[MATERIAL FOR THE TASK — start]

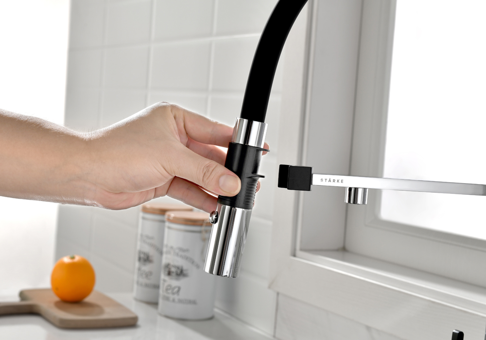 Встроенная в кран насадка на длинном гибком шланге с металлической оплеткой. Насадки с кнопкой могут переключать обычный излив воды на душ.
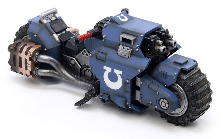 Denna Warhammer Ultramarines Outrider Bike i skala 1/18 passar bra till Ultramarines actionfigurerna i samma serie. Figurer och accessoarer är ej inkluderade.
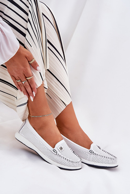 Płaskie Skórzane Mokasyny Z Ozdobą S.Barski LR51-547 Białe
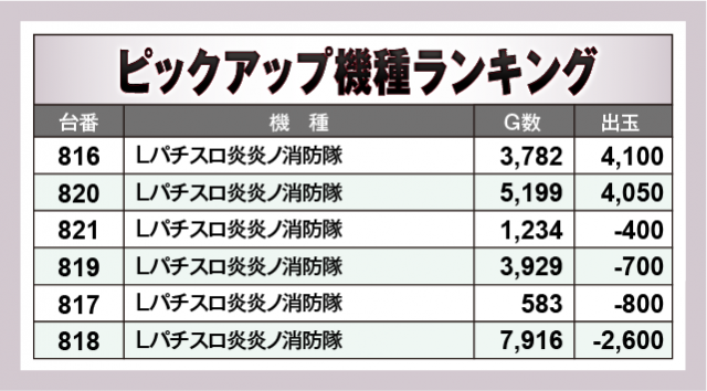 ※出玉数順に掲載しています
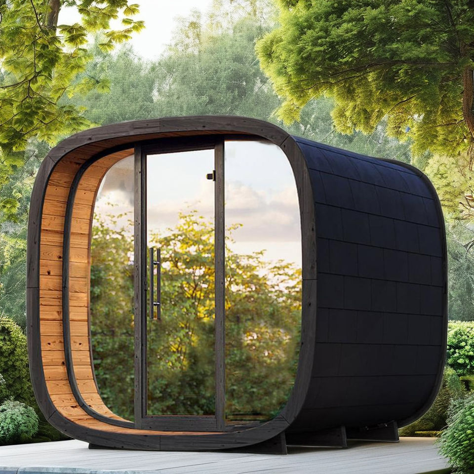 HELIUS 4 People Cube Sauna Steam Sauna Room with Harvia Electric Heated Sauna Stove
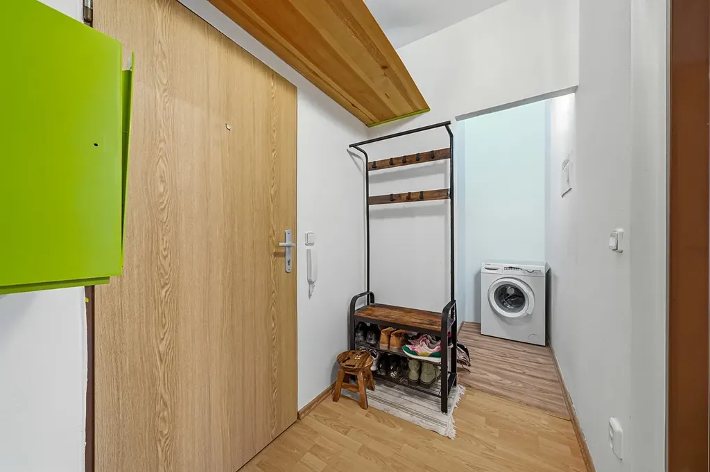 chodba s úložným prostorem, komora, zázemí pro pračku
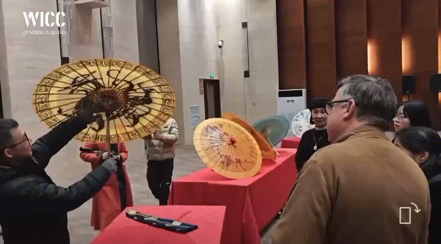 ◎2024年3月,苏恒泰油纸伞制作技艺、叶画受邀参加武汉市外办举办的驻汉领事官员“驻在湖北”传统文化体验活动,四国驻汉领事官员来硚参观,点赞硚口“非遗”文化。
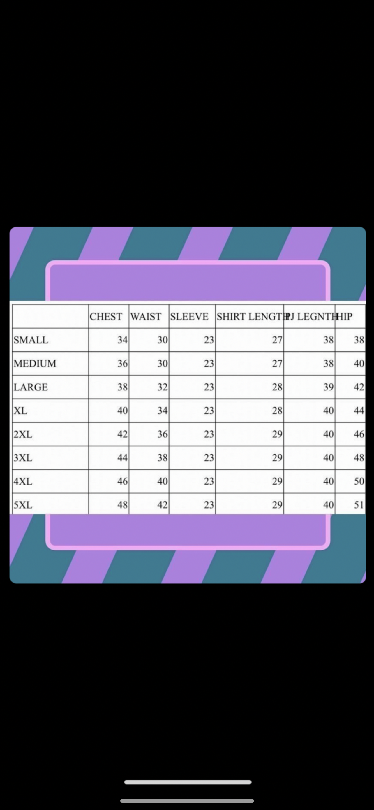 Please refer to the measurement chart
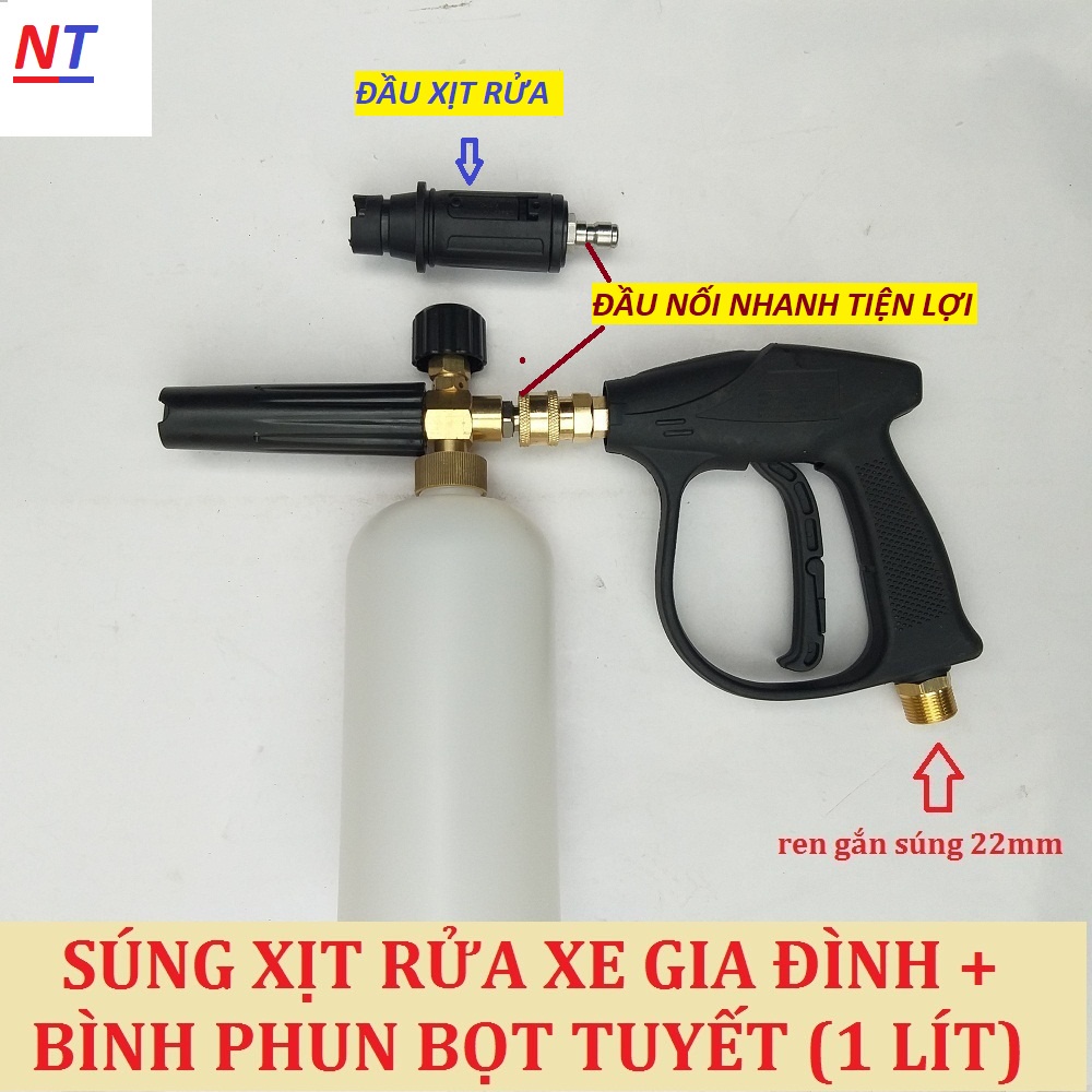 Bộ súng xịt rửa xe và bình tạo bọt tuyết cao cấp cho máy rửa xe áp lực cao, máy xịt rửa (Ren ngoài 22mm và 14mm)

[MATERIAL FOR THE TASK — finish]

### TASK
If an entry contains a picture, leave it out and repeat the rest exactly.

### FINAL ANSWER
 Встроенная в кран насадка на длинном гибком шланге с металлической оплеткой. Насадки с кнопкой могут переключать обычный излив воды на душ.
 Denna Warhammer Ultramarines Outrider Bike i skala 1/18 passar bra till Ultramarines actionfigurerna i samma serie. Figurer och accessoarer är ej inkluderade.
 Płaskie Skórzane Mokasyny Z Ozdobą S.Barski LR51-547 Białe
 ※出玉数順に掲載しています
 HELIUS 4 People Cube Sauna Steam Sauna Room with Harvia Electric Heated Sauna Stove
 chodba s úložným prostorem, komora, zázemí pro pračku
 ◎2024年3月,苏恒泰油纸伞制作技艺、叶画受邀参加武汉市外办举办的驻汉领事官员“驻在湖北”传统文化体验活动,四国驻汉领事官员来硚参观,点赞硚口“非遗”文化。
 Please refer to the measurement chart
 Bộ súng xịt rửa xe và bình tạo bọt tuyết cao cấp cho máy rửa xe áp lực cao, máy xịt rửa (Ren ngoài 22mm và 14mm)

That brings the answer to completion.